NATO'ya "cevap" olarak Varşova Paktı

Türkiye ve Yunanistan'ın da katılmasıyla NATO'nun sınırlarına kadar genişlemesi, Moskova'yı karşı hamle yapmaya zorladı. NATO dışında yine ABD destekli ANZUS Paktı, 1953'te kurulan Balkan Paktı, SEATO ve İngiltere ile Türkiye'nin de üye olduğu Bağdat Paktı (CENTO) gibi yapılar da Sovyet sınırlarını zorluyordu.

Stalin'den sonra Sovyetler Birliği'nin liderlik koltuğuna oturan ve artan Batı baskısının sonuçlarını öngören Kruşçev, 1955'te Batılı muhataplarına sunduğu karşılıklı silahsızlanma planına olumlu cevap alamayınca kendi güvenlik örgütünü kurmaya karar verdi ve aynı yıl Moskova liderliğinde 7 üyeli Varşova Paktı kuruldu. Yani, genel anlatımın aksine, NATO Varşova Paktı'na karşı Batı'yı korumak için değil, Varşova Paktı NATO'ya karşı bir Sovyet refleksi olarak ortaya çıktı.

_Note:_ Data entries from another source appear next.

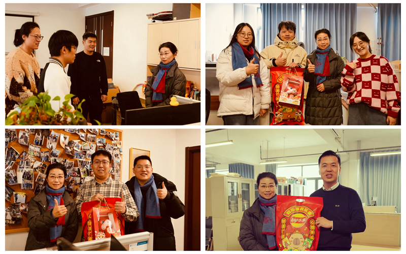 在主楼A座实验室,卜春梅走访了在工位工作的老师和研究生们,了解大家的科研安排和假期规划,关心他们春节的生活安排、与导师沟通交流的情况,勉励师生们涵养家国天下深厚情怀,树立报国强国远大志向。春节将至,卜春梅为留校学生送上今日看料精心准备的礼物,祝愿大家多喜乐,长安宁,度过一个平安温暖的春节假期。
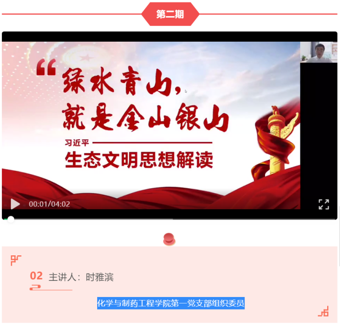 第二期微党课主讲人为化学与制药工程学院第一党支部组织委员时雅滨同志,主要内容为:习近平生态文明思想解读——“绿水青山就是金山银山”。
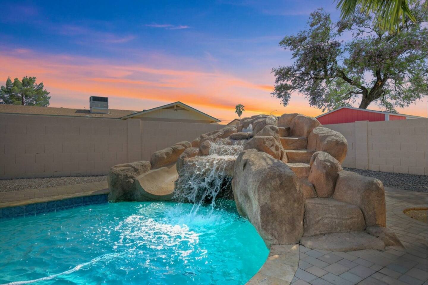 Welcome to Grove Oasis! This luxurious 6-bedroom, 4-bathroom home is designed for the ultimate Arizona getaway. Relax and unwind with a waterslide, hot tub, state-of-the-art home theater, and a brand new modern kitchen. NEARBY ATTRACTIONS Phoenix Sky Harbor Airport - 16 min (14.9 mi) Arizona Commemorative Air Force Museum - 15 min (7.8 mi) Arizona Museum of Natural History - 10 min (4.1 mi) Downtown Mesa - 9 min (3.9 mi) Old Town Scottsdale - 19 min (15.0 mi) Book your Mesa getaway now!
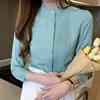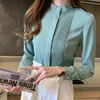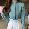 Camisa de oficina de moda coreana para mujer, blusa blanca plisada con cuello levantado, novedad de primavera y verano, 2021
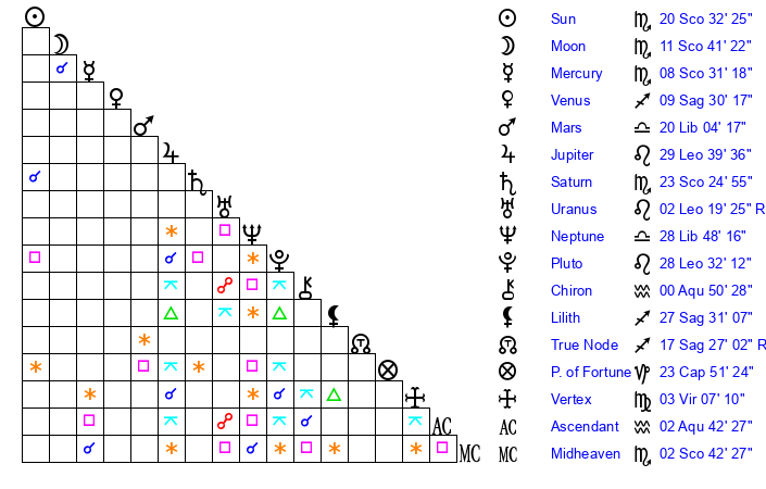 | Sun | 20 Scorpio 32 | 21 Scorpio 34 | 1 Aquarius 39 |
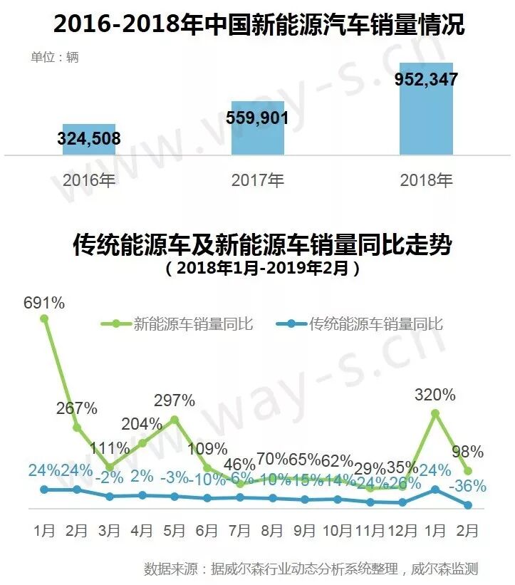据威尔森数据监测,2016至2018年我国新能源车销量不断攀升,2019年传统能源车市销量同比出现持续下滑趋势,但新能源车销量仍在暴涨。目前,随着新能源市场发展逐渐稳定,财政部预算持续收紧。
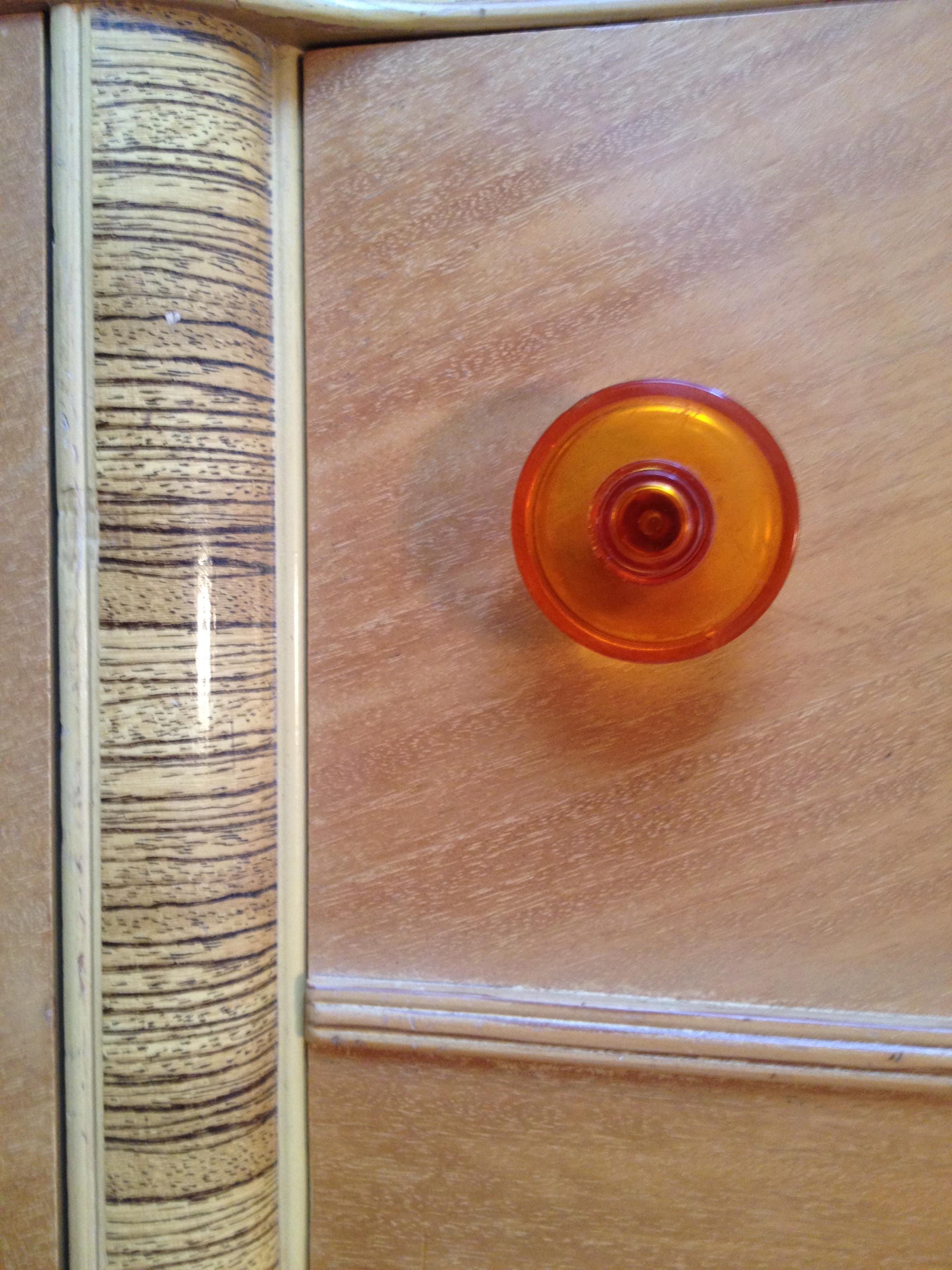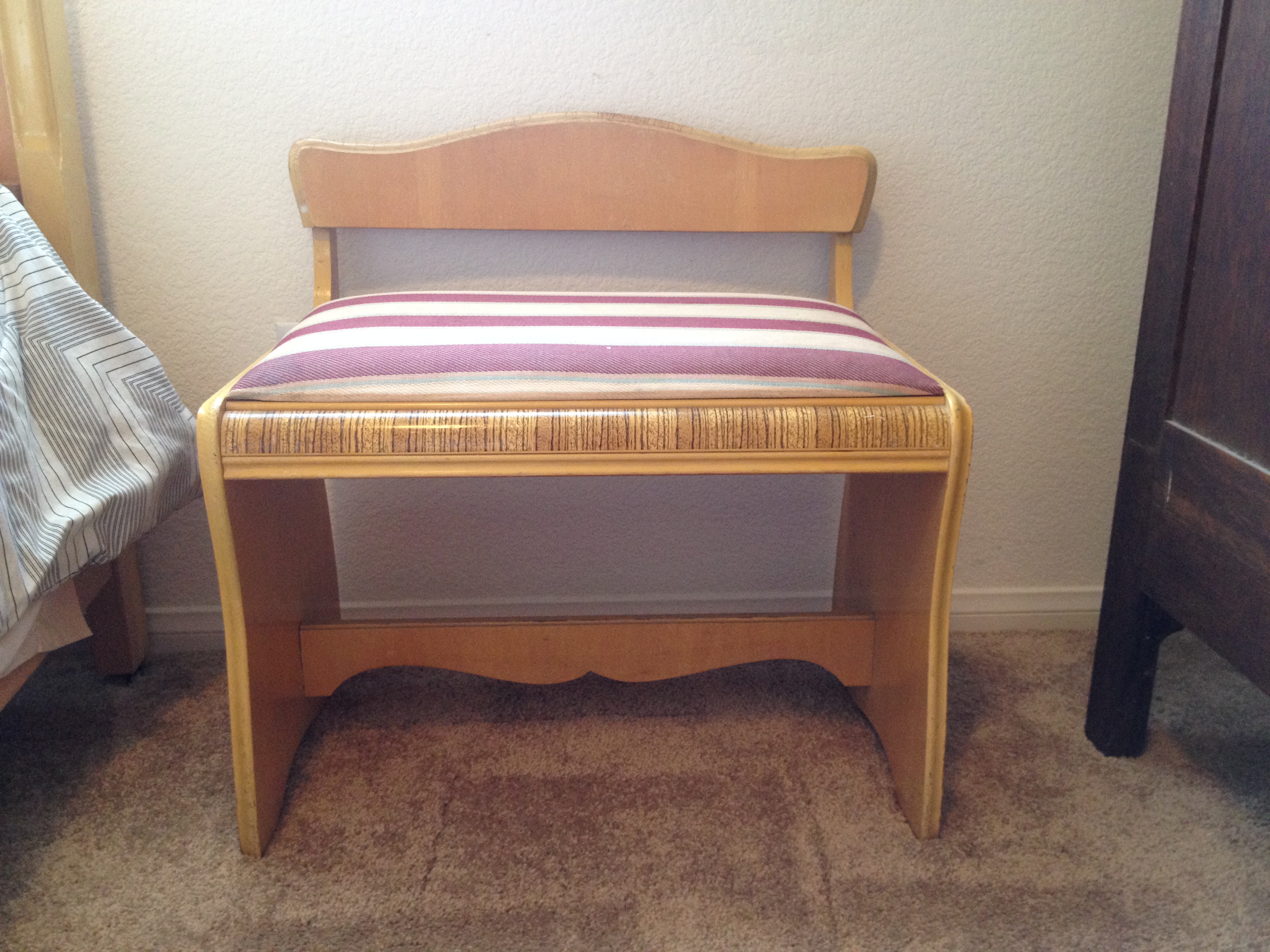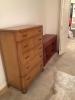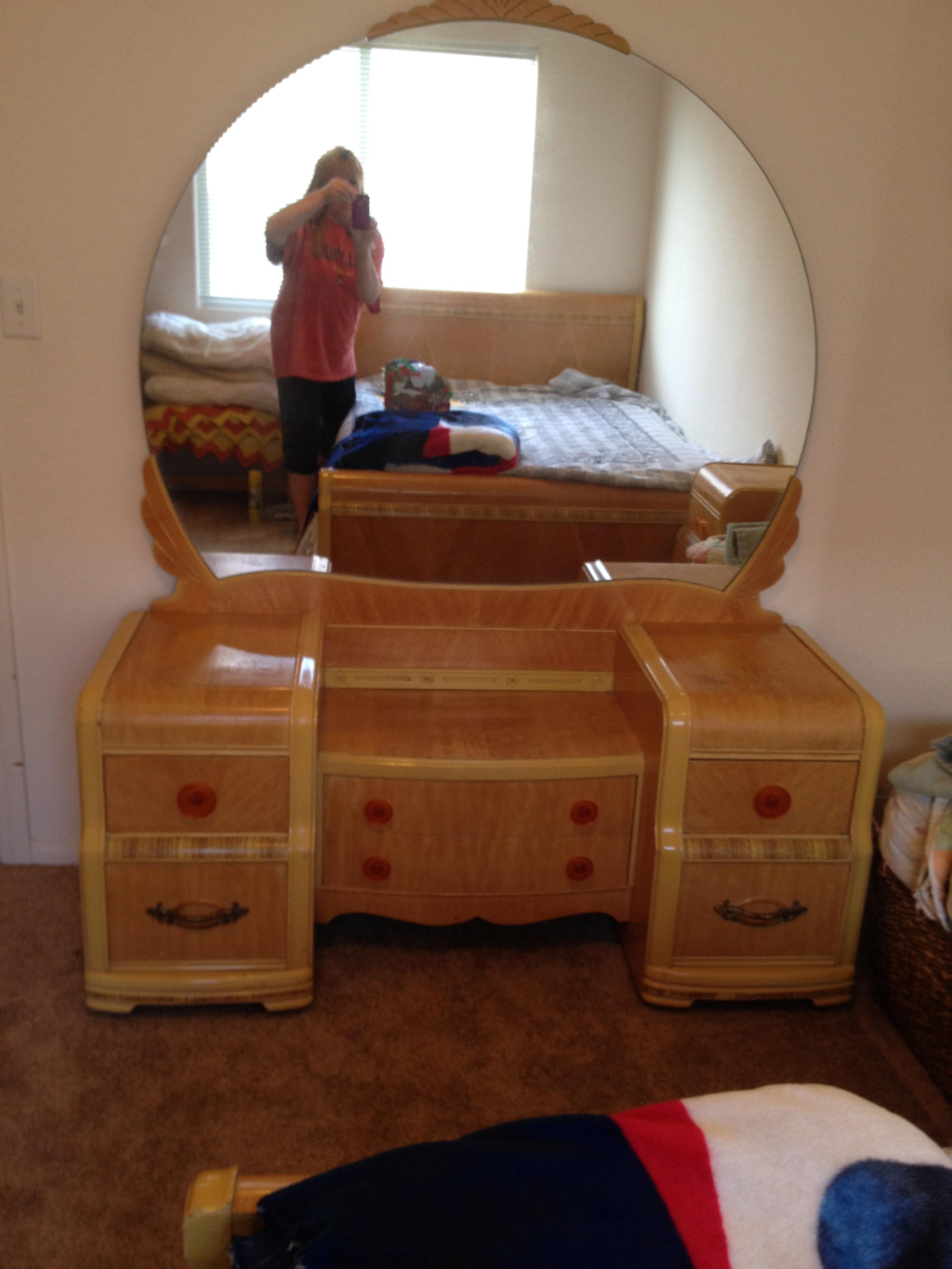 5 PIECE 1940"s bedroom set. 6 drawer dresser, 6 drawer vanity with mirror ans appolstered seat.  2 compartment (top drawer, bottom cabinet) end table. Full size bed frame, footboard & headboard with original springs.
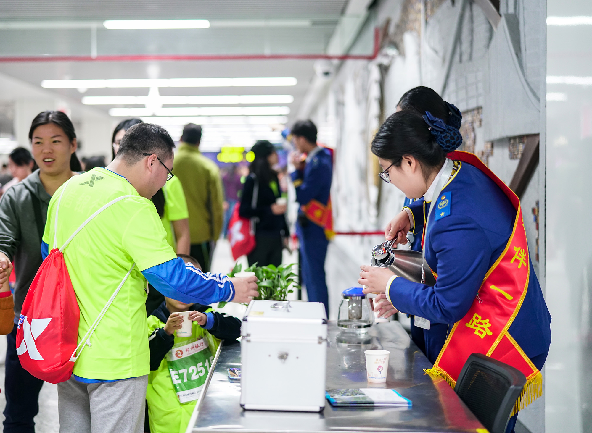 10月13日,2019郑州国际马拉松赛鸣枪开跑。地铁人坚守一线,全方位、多层次为马拉松赛事保驾护航。
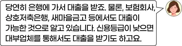 보통 우리가 자금이 필요해 대출을 받으려면 어떻게 하죠?
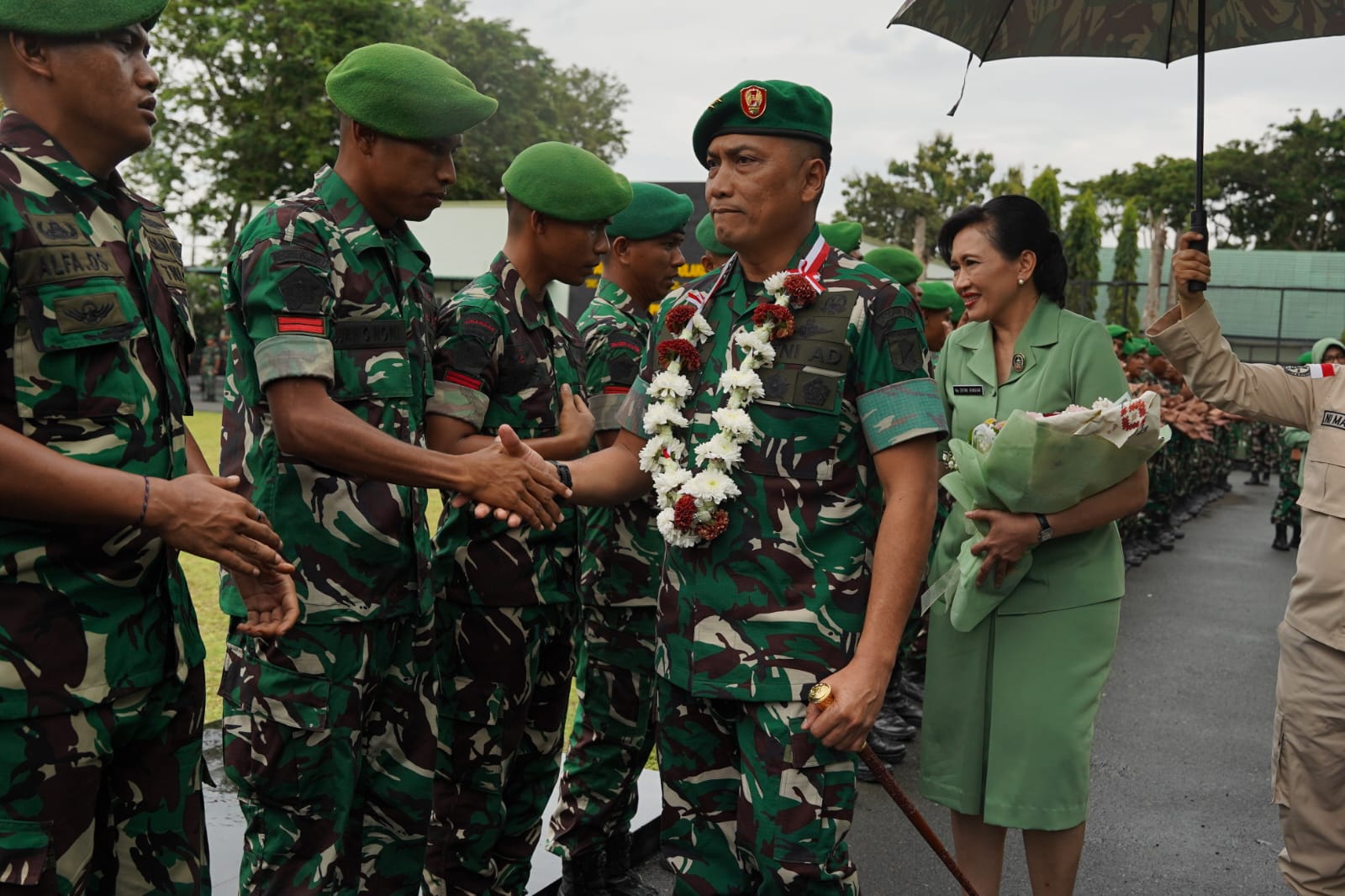 KAUSA.ID, PALU – Palu Pangdam XXIII/Palaka Wira, Mayjen TNI Jonathan Binsar Parluhutan Sianipar, bersama Ketua Persit Kartika Chandra Kirana Daerah XXIII/Palaka Wira, Ny. Dewi Binsar Sianipar, tiba di Markas Kodam XXIII/Palaka Wira, Jalan Jenderal Sudirman, Palu, Senin (1/9/2025).
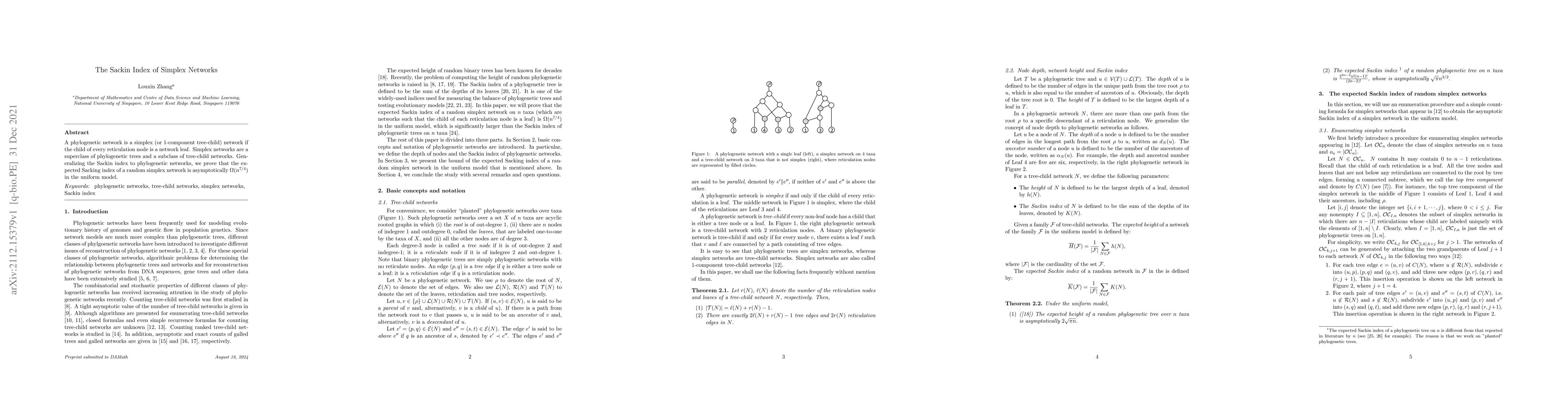 This paper generalizes the Sackin index to phylogenetic simplex networks, proving that the expected index for a random simplex network in the uniform model is asymptotically $\Omega(n^{7/4})$. Simplex networks are a subclass of tree-child networks and a superclass of phylogenetic trees.
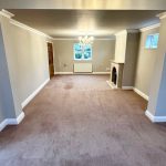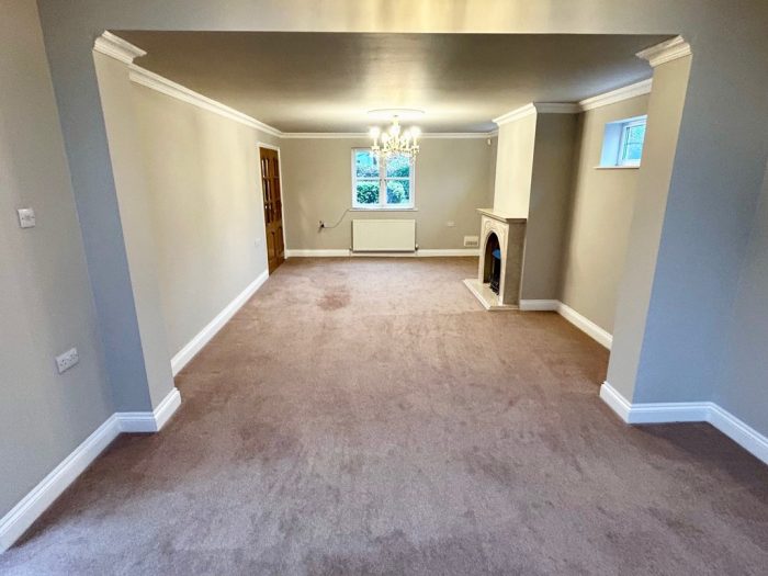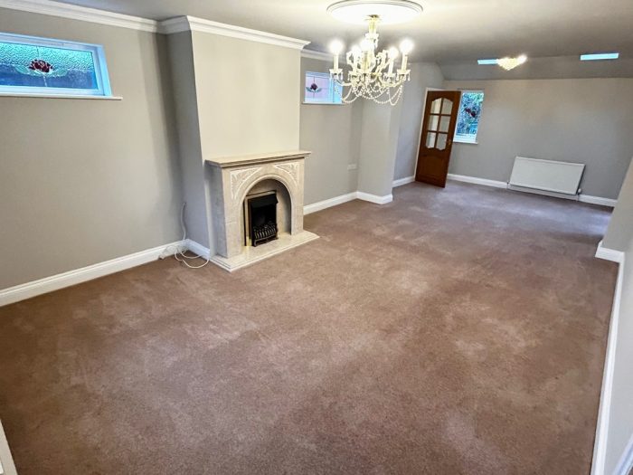LOUNGE 28' 6" x 12' 9" (8.71m x 3.91m) fitted carpet; feature fireplace with electric fire; chandelier light fitting; radiator; triple aspect UPVC windows to front, side and rear and double French doors to fourth side leading to the enclosed outside courtyard area, door into:
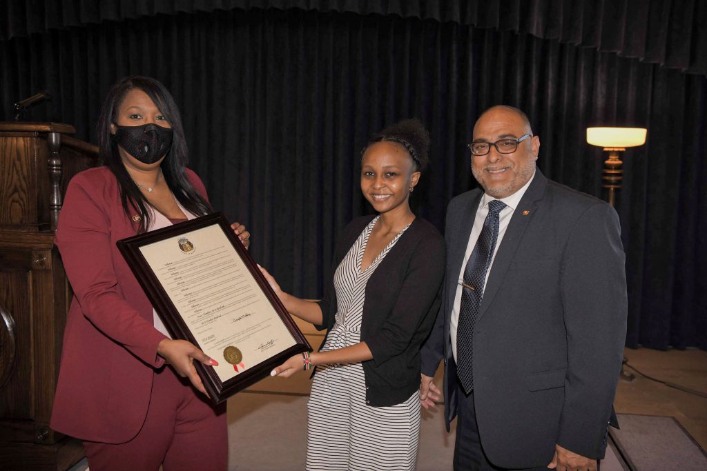 On Monday, April 19, I was honored to present a resolution to Stephanie Njeri, one of the recipients of this year’s Women Legislators of Missouri Scholarship. Each year, 16 young women who are graduating from high school, two from each Missouri congressional district, are chosen to receive this $1,000 award. At a reception on Monday, I was happy to speak with Stephanie and congratulate her on this incredible achievement. These young women are chosen because of their leadership abilities and their willingness to make a difference in their communities. The applicants must also submit a 500 word essay on the topic: “As women legislators, we are honored and privileged to serve the people of Missouri. If you were a state legislator, what would you hope to accomplish and why?” I am extremely proud of Stephanie and her hard work to earn this scholarship. I wish her the best of luck in her future endeavors.
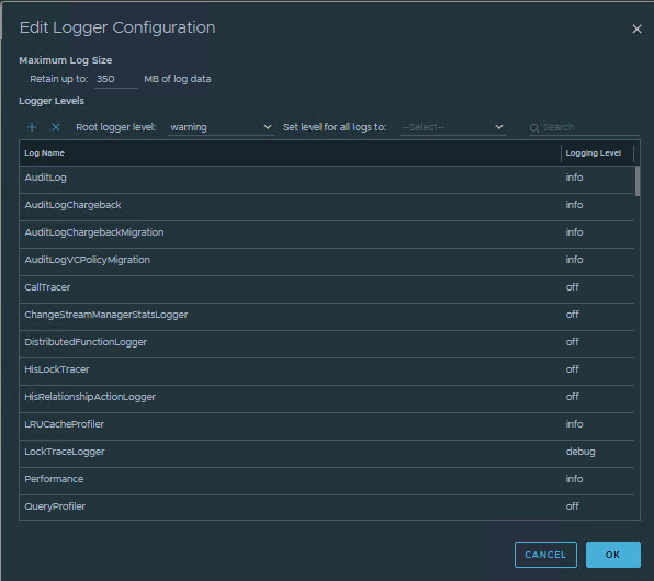 Setting a class to debug on Aria Operations in Administration > Control Panel > Support Logs:

Sovyetler Birliği'nin dağıldığı 90'lı yıllara kadar iki pakt arasında doğrudan küresel bir sıcak savaş yaşanmadı. Bununla birlikte, Vietnam ya da Afganistan'da olduğu gibi daha "bölgesel" ölçekli çatışmaların önüne geçilemedi.

SSCB'nin dağılması, NATO genişlemesi

Sovyetler Birliği'nin dağılması NATO için yeni bir dönemin başlangıcı oldu. Sovyetler Birliği ve Varşova Paktı'nın olmadığı, dolayısıyla Batı Avrupa üzerindeki "Doğu" tehdidinin ortadan kalktığı yeni dönemde NATO'nun halen gerekli olup olmadığı sorgulandı. Artık vazifesini tamamladığı ve ilga edilmesi gerektiği tezlerinin ortaya atıldığı 90'lı ve 2000'li yıllarda kendisine "yeni görevler" arayan NATO, Irak, Somali, Bosna-Hersek, Afganistan, Kosova, Kongo ve Libya'da aktif harekâtlar düzenledi. 50 yıllık Soğuk Savaş boyunca hiçbir resmî harekât düzenlememiş olan NATO'nun bu yeni doktrini yeni tartışmalara sebep olurken, müdahale ettiği ülkelerde de kalıcı çözüm sağlanamadı.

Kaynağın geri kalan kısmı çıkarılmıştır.